TASK REQUIREMENTS:
Repeat the data below exactly, dropping any pictures it holds.

─── INPUT DATA ───

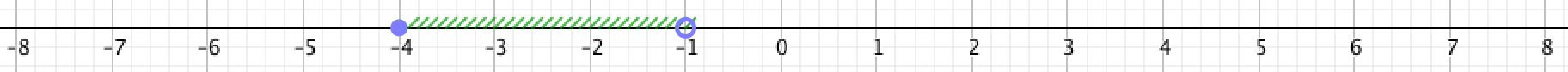 На рисунке выделены все точки между \(\displaystyle -4\) и \(\displaystyle -1{\small , } \) включая \(\displaystyle -4 \) и не включая \(\displaystyle -1{\small : } \)
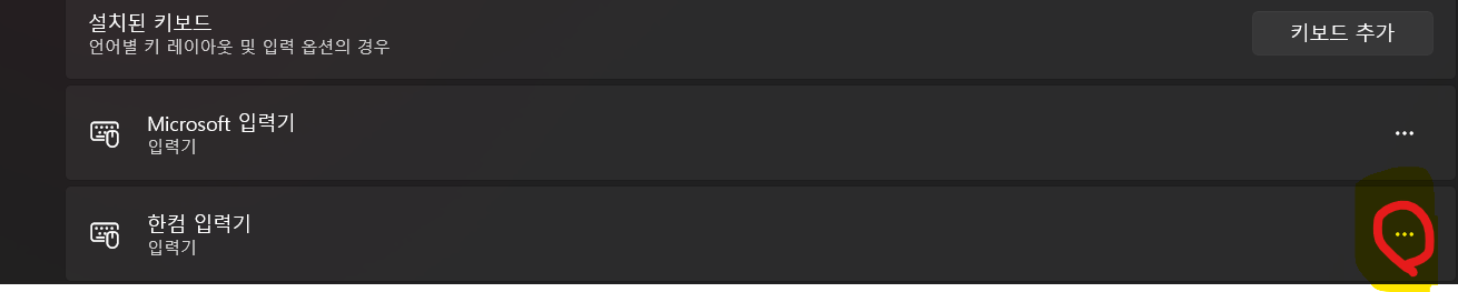 4. 그러면 맨 밑에서 한컴 입력키의 메뉴 버튼을 눌러 제거하면 된다
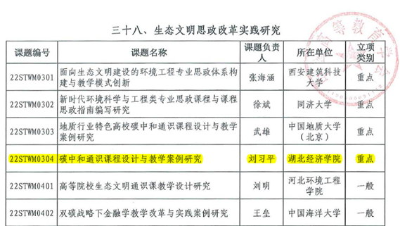 近日,中国高等教育学会公布“2022年度高等教育科学研究规划课题”立项名单,太阳集团见好就收9728刘习平副教授主持的1项生态文明思政改革实践研究课题《碳中和通识课程设计与教学案例研究》获批为重点项目。中国高等教育学会“2022年度高等教育科学研究规划课题”面向全国高校申报,其中生态文明思政改革实践研究课题重点项目共4项。

───

RESPONSE BOX:
 На рисунке выделены все точки между \(\displaystyle -4\) и \(\displaystyle -1{\small , } \) включая \(\displaystyle -4 \) и не включая \(\displaystyle -1{\small : } \)
 4. 그러면 맨 밑에서 한컴 입력키의 메뉴 버튼을 눌러 제거하면 된다
 近日,中国高等教育学会公布“2022年度高等教育科学研究规划课题”立项名单,太阳集团见好就收9728刘习平副教授主持的1项生态文明思政改革实践研究课题《碳中和通识课程设计与教学案例研究》获批为重点项目。中国高等教育学会“2022年度高等教育科学研究规划课题”面向全国高校申报,其中生态文明思政改革实践研究课题重点项目共4项。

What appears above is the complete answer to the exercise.